Researchers at King’s College London and Zoe Global Ltd have conducted a study suggesting that skin rashes could be valuable predictors of coronavirus disease 2019 (COVID-19).
In a large community-based study, 8.8% of people who had tested positive for severe acute respiratory syndrome coronavirus 2 (SARS-CoV-2) also reported having a skin rash. Among people who had not tested positive, but did report at least one classic symptom of COVID-19 symptom based on NHS guidelines, 8.2% also reported skin rashes.
According to NHS guidelines, the three most common signs of COVID-19 are fever, persistent cough, and a reduced sense of smell (anosmia).
Skin-related symptoms are not included, even though these can be easily spotted by patients, say Mario Falchi and team.
The researchers say their findings strongly support including skin rashes, adding that although skin rashes are far less common than fever, they are much more specific and last longer.
“Recognizing rashes is important in identifying new and earlier COVID-19 cases,” says the team.
A pre-print version of the paper is available on the server medRxiv*, while the article undergoes peer review.
The link with skin manifestations has been slow to emerge
It has become apparent during the COVID-19 pandemic that while the disease is primarily a respiratory illness, it also targets multiple organs, including the skin.
Some studies have previously reported urticaria, chicken pox-like body rashes, and chilblains on the toes or fingers (acral rashes), possibly due to minor thrombotic events or damaged endothelium in small vessels of the digits.

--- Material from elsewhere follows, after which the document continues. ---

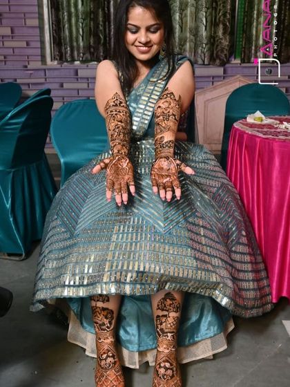 Brides-to-be and their families seeking elegant, customized mehndi designs for engagement celebrations. Ideal for those who want their mehndi to complement their outfit and capture the joy of their special day.

However, the link between COVID-19 and skin manifestations has been slower to emerge than it has for organs such as the heart, intestine, and brain.
“COVID-19 rashes may present in many forms and at different stages of the disease. The heterogeneous presentations, the time delay, as well as the focus on severely ill patients during the early phases of the pandemic, led to the skin being overlooked as an important target organ for COVID-19,” say Falchi and colleagues.

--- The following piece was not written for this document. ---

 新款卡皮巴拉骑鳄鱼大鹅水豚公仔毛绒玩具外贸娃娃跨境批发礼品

Now the researchers have used data available for 336,847 UK users of the COVID Symptom Study app to investigate the diagnostic value of skin rashes for infection with severe acute respiratory syndrome coronavirus 2 (SARS-CoV-2). The team also used data available for 11,546 people who participated in an independent survey on COVID-19-related skin symptoms.
Skin rashes increased the odds of SARS-CoV-2 positivity more than fever
Of 27,157 app users who provided swab test results, 2,021 (7.4%) were positive for SARS-CoV-2, and 25,136 (92.6%) were negative.
Of the swab-positive individuals, 178 (8.8%) reported skin rashes (138 body rashes; 62 acral and 22 both body and acral), compared with 1357 (5.4%) of swab-negative individuals.
Association analysis showed that the presence of body or acral rashes increased the likelihood of being swab positive for SARS-CoV-2 by 67%. This compares with fever increasing the odds of SARS-CoV-2 positivity by 47%, and fever is commonly used to screen for COVID, points out the team.
Skin rashes were also predictive in untested, but symptomatic users
Among the 334,690 app users who did not provide a swab test result, 17,371 reported one of the three main symptoms (fever, persistent cough, and anosmia), which according to NHS guidelines, would require isolation and SARS-CoV-2 testing.
Of those reporting one of the three typical symptoms, 8.2% also reported a skin rash, compared with 6% of untested users who did not report any of the three symptoms.
Association analysis revealed that among untested users who reported one of the three main symptoms, the likelihood of having a body rash was 46% greater compared with those who did not report one of the symptoms. The increased likelihood of acral rash among those reporting a symptom was not statistically significant.
The findings support the inclusion of skin rashes as a suspected symptom
To capture more information about the type, duration, and timing of rashes, the team analyzed data available for people 11,546 with a rash who participated in an independent survey on COVID-19-related skin symptoms.
Among 694 responders who were positive for SARS-CoV-2 by swab or antibody test and provided information on COVID-19-related symptoms, the rash appeared before any other symptom in 17% of cases and in 21% of cases, the rash was the only symptom.
“Twenty-one percent of the SARS-CoV-2 positive surveyees presented with skin symptoms alone and would have been missed if using the NHS classic symptoms alone,” write Falchi and colleagues.
The researchers say the findings strongly support the inclusion of skin rashes as a suspected COVID-19 symptom.
“Although, it is less prevalent than fever, it is more specific of COVID-19 and last longer,” they add.
“An increased awareness from the public and healthcare professionals regarding COVID-19 skin changes will allow more efficient identification of new and earlier clusters of the disease,” concludes the team.
medRxiv publishes preliminary scientific reports that are not peer-reviewed and, therefore, should not be regarded as conclusive, guide clinical practice/health-related behavior, or treated as established information.